One of the main disadvantages of batch gradient descent is that it can be computationally expensive when the dataset is very large, as it requires a forward and backward pass through the entire dataset at each iteration.
In addition, if the dataset is noisy or has a lot of outliers, the loss function can oscillate and never converge to a minimum. In this case, a more sophisticated optimization algorithm such as stochastic gradient descent or mini-batch gradient descent may be more appropriate.
Stochastic gradient descent (SGD)
Unlike batch gradient descent, which uses the entire dataset to compute the gradient of the loss function at each iteration, SGD uses only one training sample at a time to update the parameters of the model.
SGD can be formulated as follows: $$X_{t+1}=X_t - \alpha \nabla$$
One advantage of SGD over batch gradient descent is that it is computationally more efficient, as it requires only one forward and backward pass through the model for each training sample, rather than the entire dataset. Additionally, SGD can be implemented online, which means it can update the model parameters on-the-fly as new data arrives.

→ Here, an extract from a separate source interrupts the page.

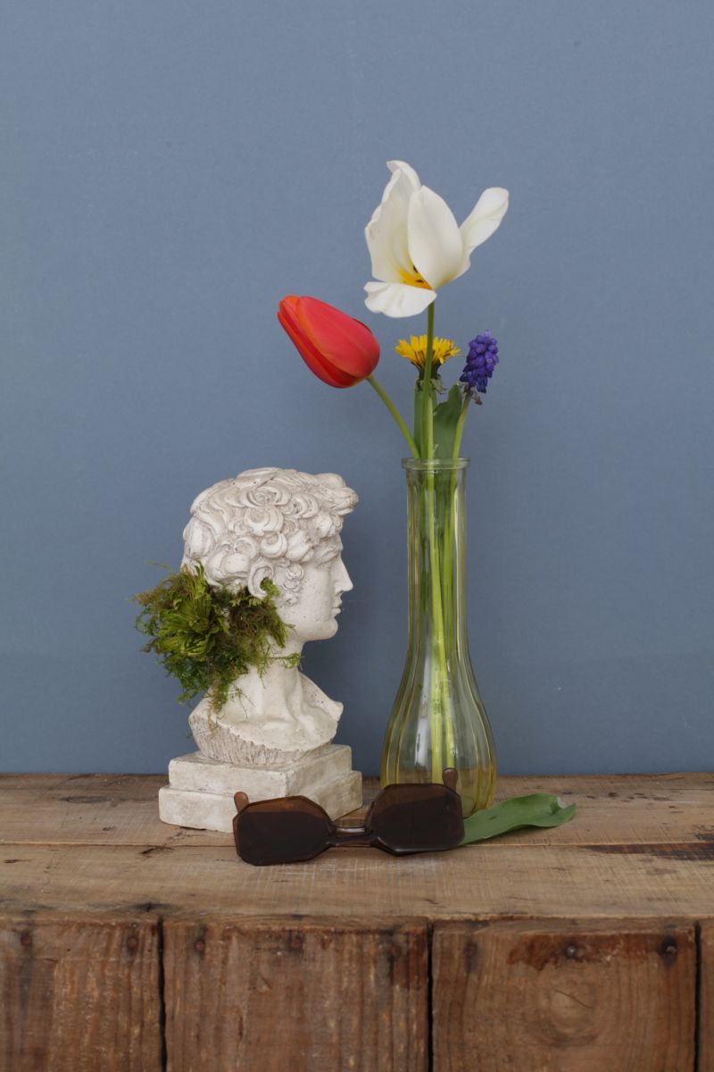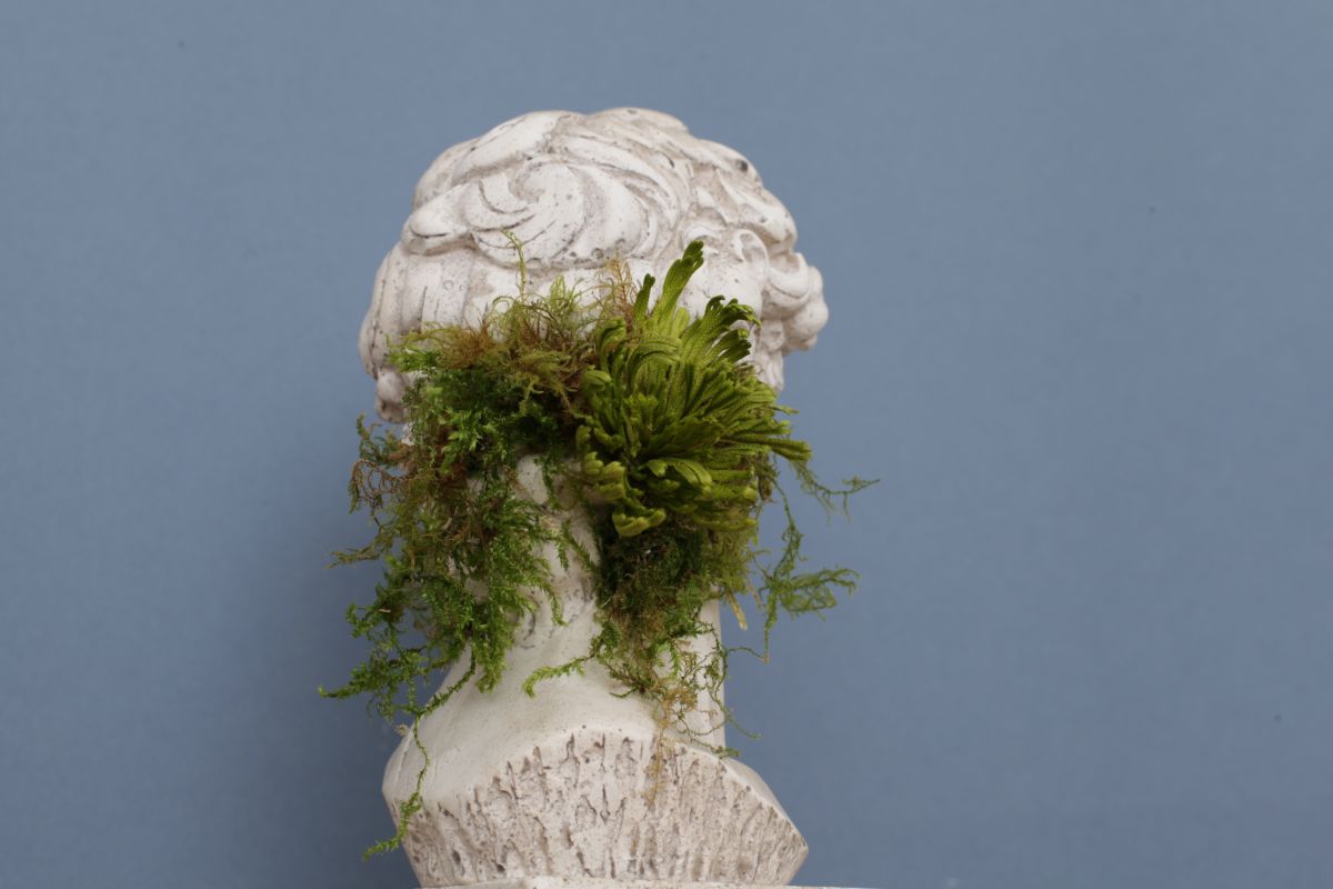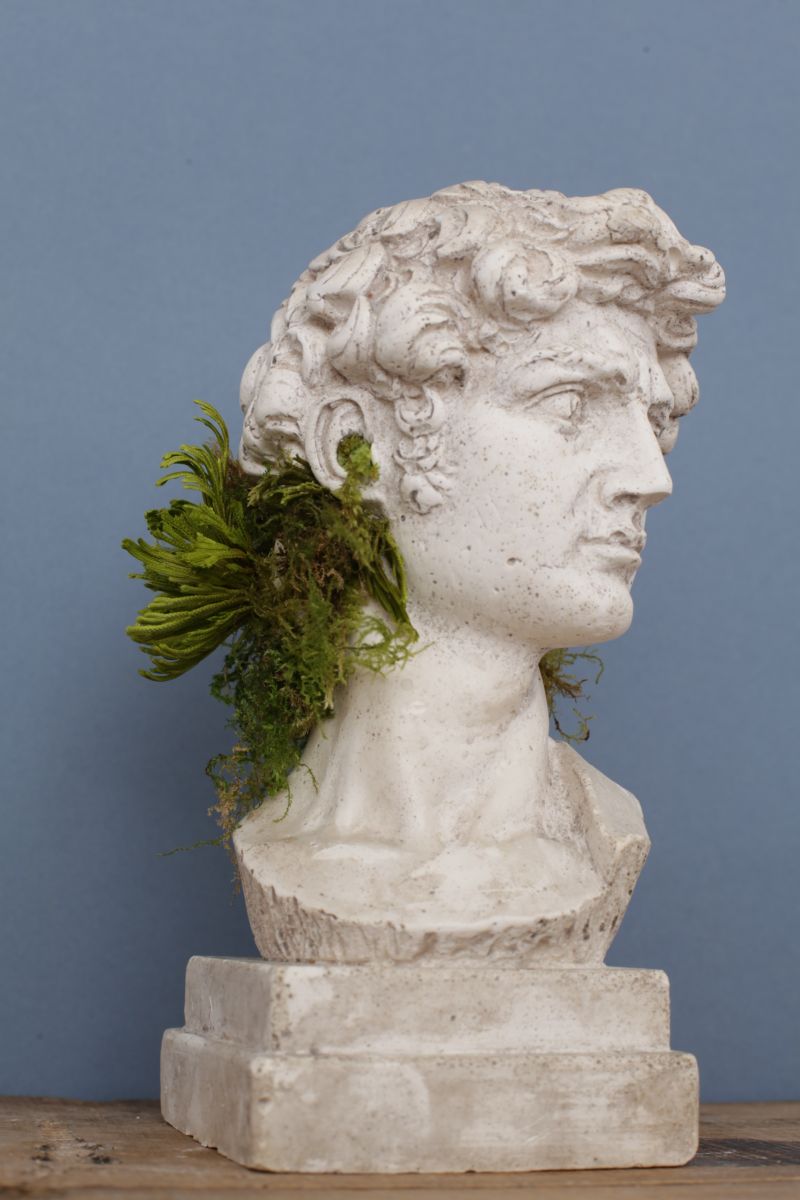 Sculpture en plâtre plein. Belle petite pièce de décoration, qui peut se placer facilement sur un bureau, une étagère. Réhaussée d’une composition végétale délicate (séchée et stabilisée) qui donne un aspect de sculpture de jardin extérieur mais appréciable en intérieur. Très beau contraste avec le végétal et la matière plâtre. Objet de décoration original. Petite série numérotée et signée, chaque composition végétale est minutieuse et unique. Ici, pièce n°12. Ne pas exposer à une lumière du soleil directe (ou une lumière naturelle trop vive) et à la chaleur. Dimensions du plâtre seul sans le végétal: Hauteur de la tête: 22 cm. Largeur du socle: 9 cm.

However, one disadvantage of SGD is that the cost function can oscillate and not converge to a minimum due to the high variance in the updates caused by the use of only one sample at a time. This can be mitigated by using a smaller learning rate and by using mini-batch gradient descent, which combines the benefits of both SGD and batch gradient descent.
Mini-batch gradient descent
Mini-batch gradient descent is a compromise between batch gradient descent and stochastic gradient descent. Unlike batch gradient descent, which uses the entire dataset to compute the gradient of the loss function at each iteration, and SGD, which uses only one sample at a time, mini-batch gradient descent uses a small subset of the dataset, called a mini-batch, to compute the gradient at each iteration.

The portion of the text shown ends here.